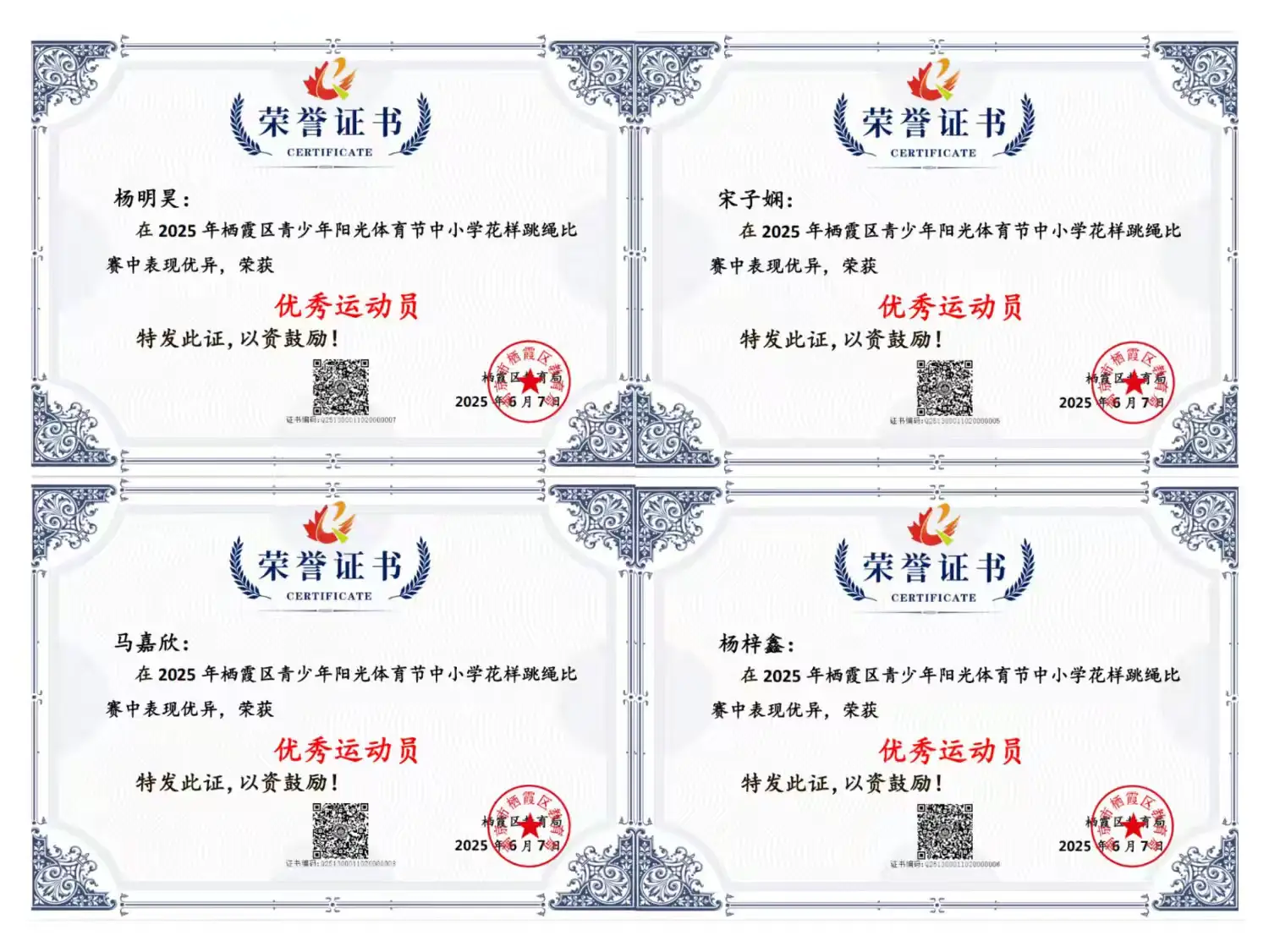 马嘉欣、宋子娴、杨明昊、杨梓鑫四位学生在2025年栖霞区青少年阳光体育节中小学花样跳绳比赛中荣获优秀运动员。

--

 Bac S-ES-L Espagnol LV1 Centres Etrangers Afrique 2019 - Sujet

--

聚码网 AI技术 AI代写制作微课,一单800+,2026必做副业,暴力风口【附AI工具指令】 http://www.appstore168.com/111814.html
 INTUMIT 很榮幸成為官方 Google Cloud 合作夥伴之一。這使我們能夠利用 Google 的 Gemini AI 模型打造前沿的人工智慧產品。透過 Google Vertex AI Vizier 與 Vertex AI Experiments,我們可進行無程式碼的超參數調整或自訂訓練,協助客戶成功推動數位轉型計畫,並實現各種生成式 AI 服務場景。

**WORK ORDER**
Begin with the line that has "聚码网 AI技术 AI代写制作微课,一单800+,2026必做副业,暴力风口【附AI工具指令】" in the listing above and end after the line that has "INTUMIT 很榮幸成為官方 Google"; output those lines exactly.

**SOLUTION TO THIS TASK**
聚码网 AI技术 AI代写制作微课,一单800+,2026必做副业,暴力风口【附AI工具指令】 http://www.appstore168.com/111814.html
 INTUMIT 很榮幸成為官方 Google Cloud 合作夥伴之一。這使我們能夠利用 Google 的 Gemini AI 模型打造前沿的人工智慧產品。透過 Google Vertex AI Vizier 與 Vertex AI Experiments,我們可進行無程式碼的超參數調整或自訂訓練,協助客戶成功推動數位轉型計畫,並實現各種生成式 AI 服務場景。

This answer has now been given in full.